Getting a grip with your chauffeuring responsibilities

As professional chauffeurs we should all strive to be the best we possibly can, particularly in our highly competitive market.

What are the vital elements to being a professional chauffeur? How we present ourselves? A pristine vehicle? Our knowledge of the roads? All very important but not actually vital.

TheChauffeur.com Reporter Graham Carpenter explains all these qualities are essential, but do you put as much effort into the things that keep everyone safe?

We have four bits of rubber roughly the size and shape of a Highway Code (What’s that?!) attaching us to the planet. It matters not how many electronic safety features your vehicle is equipped with – ABS, AEB, ESC, ISA, ACC and alike or how good a driver you are!

If your tyres are defective in any way this will negate all the above and render you, the driver and possibly your company open to prosecution – it could also invalidate your insurance! This unwelcome advertising could also cause some very negative PR with possible loss of business.

When did you last check the tread depth on your tyres? What is the minimum tread depth? When did you check for cuts and tears on the wall of the tyres? (The front nearside is a good place to start!) Does somebody in the company do it for you? Remember you, the driver, are legally responsible.

If you do check your tyres, how often? How many miles have these tyres travelled? In the chauffeuring world its not unusual to travel 50,000+ miles per annum.

Tyre manufacturers suggest there is no way to tell exactly how long a tyre lasts. The lifespan and mileage of a tyre depends on a combination of factors: it’s design, the drivers’ habits, the climate, the road conditions and the care that’s put into the tyres. Although the legal minimum is 1.6mm, a tyre under 3mm can begin to lose its effectiveness so 3mm is my personal minimum.

The major point here is your vehicle is only as good as its tyres and the driver is responsible. If in any doubt then it takes minutes during a bit of waiting time to pop into a tyre company and have them checked out by a professional. Not only for piece of mind but in this litigious age to cover yourself as well.

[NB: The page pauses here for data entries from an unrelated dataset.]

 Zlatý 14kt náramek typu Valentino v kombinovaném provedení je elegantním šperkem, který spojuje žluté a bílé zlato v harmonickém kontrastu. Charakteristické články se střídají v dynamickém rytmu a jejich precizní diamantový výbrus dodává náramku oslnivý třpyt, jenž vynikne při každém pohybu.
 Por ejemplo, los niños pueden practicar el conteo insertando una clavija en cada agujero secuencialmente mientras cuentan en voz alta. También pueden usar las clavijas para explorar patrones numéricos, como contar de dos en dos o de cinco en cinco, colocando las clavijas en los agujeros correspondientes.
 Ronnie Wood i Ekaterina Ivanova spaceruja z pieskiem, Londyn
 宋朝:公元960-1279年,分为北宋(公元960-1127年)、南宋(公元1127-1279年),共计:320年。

I currently drive a Bentley Flying Spur W12 with 75,000 miles on the clock, which is on its third set of tyres (Pirelli P Zero’s). Although I can see the inflation pressures electronically I much prefer to check them myself and do so every week. A visual check before each journey is essential – looking for any cut’s or tears in the wall and for the general look of the tyre – this takes literally seconds!

Every two or three months I pop the vehicle into a tyre company, so the professionals can give them a health check too – free of charge! In fact, I have an arrangement with one company where for less than £100 they will check and, where necessary, adjust the geometrics eight times in two years.

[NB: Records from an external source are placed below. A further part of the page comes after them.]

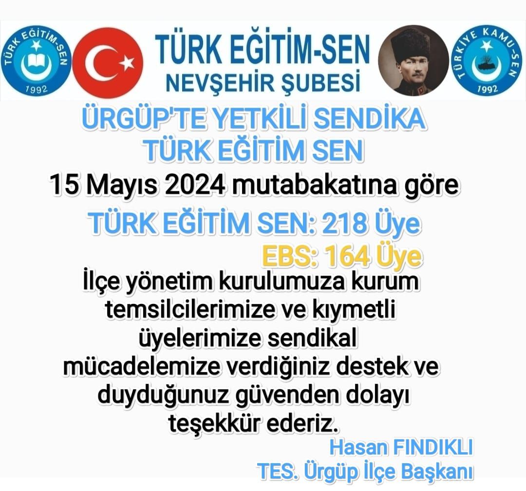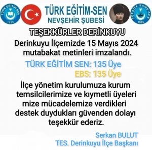Türk Eğitim Sen Nevşehir şubesinden yapılan açıklamalarda; Türk Eğitim Sen’i yetkili kılan değerli eğitim çalışanlarına, kıymetli üyelerimize, kurum temsilcilerimize, kadın komisyonumuza, il ve ilçe yönetim kurullarımıza sendikal mücadelemize vermiş oldukları desteklerden dolayı teşekkür ederiz. İnsanı yaşat ki devlet yaşasın ilkesi ile etkili ve yetkili sendika olarak mücadelemizi devam ettireceğiz. İfadeleri kullanıldı.
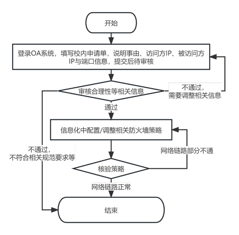 信息化建设管理服务中心按申请要求,配置开通相关策略,并通知、配合申请人验证相关策略。
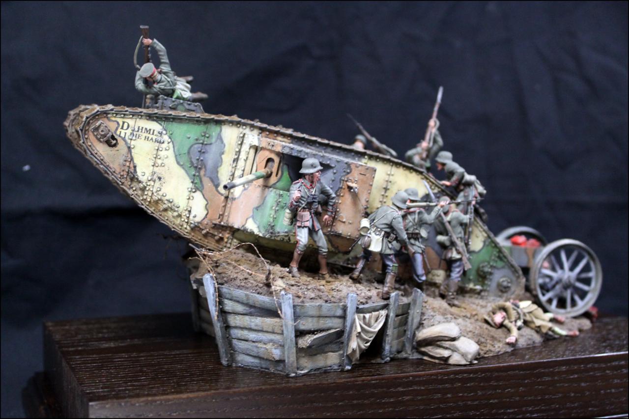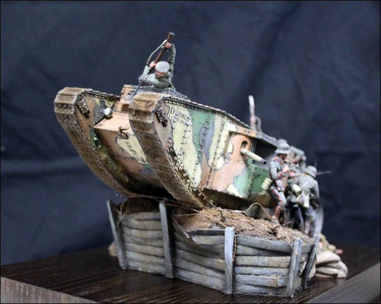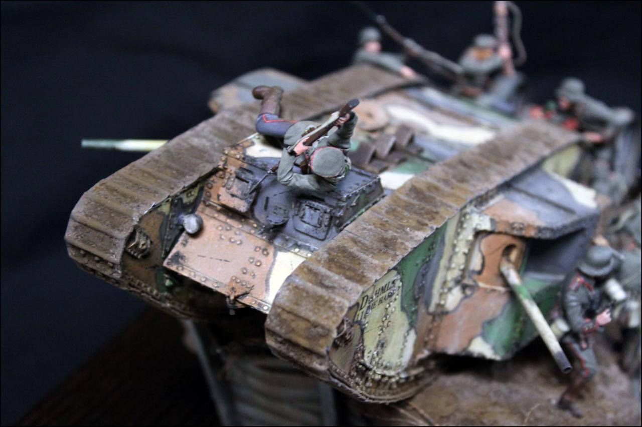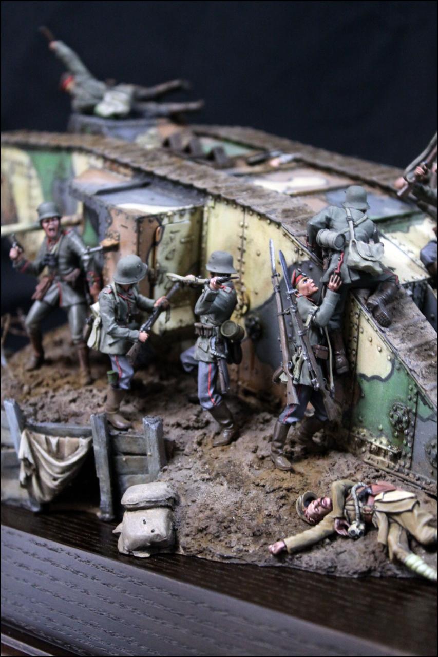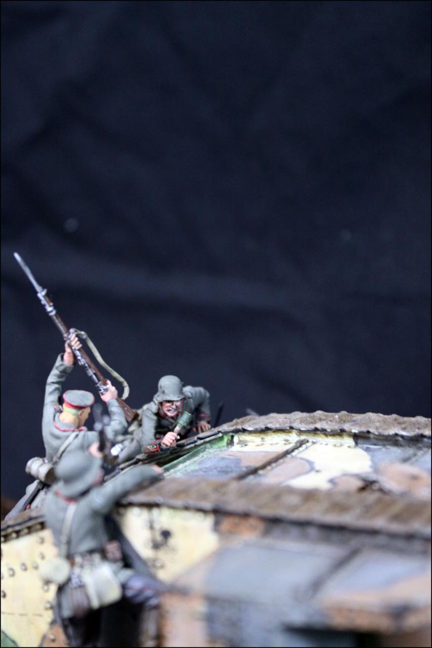 진지는 부숴졌고, 독일 보병들이 할 수 있었던 선택은...진지를 들이받고 고장나 멈춰선 영국군 전차에 올라타 내부를 공격하려는 시도로 자연스럽게 이어졌을거라 보이고...(실제로 많은 전차가 처음 전투에서 기계적 결함으로 멈춰선 것으로 알고 있습니다.) 이런 이미지가....어찌보면, 인간과 기계와의 사투를 그리는 모습이라.

The individual cost makes it a real bargain and keeps the tyres and alignment in tip-top condition over a significant period.

Driving habits – Speeding, quick starts and emergency braking, failure to notice a change in handling, noise or vibration and the quality of the tyre is a major factor in tyre wear.

Cheaper brands could wear out more quickly and do you or your company periodically rotate the front tyres, which for obvious reasons wear more quickly?

About the Author:

Graham Carpenter is a professional personal chauffeur and has previously worked with chauffeur companies as a chauffeur, controller, road safety manager and director of operations, giving him a truly holistic perspective of our profession.

As a road safety and advanced driving practitioner Graham has been training and key account manager at the RoSPA (The Royal Society for the Prevention of Accidents), National Business Manager at The Institute of Advanced Motorists and General Manager of Diamond Advanced Motorists, developing the Chauffeur training division of each of these organisations.

As an independent chauffeur, he has provided service to a major A list celebrity, senior military personnel and Government Ministers, including the training of drivers and chauffeurs in Downing Street.

Graham will shortly be publishing the first Chauffeur Manual of its kind based on his experience and best practice within our profession over the last 20+ years.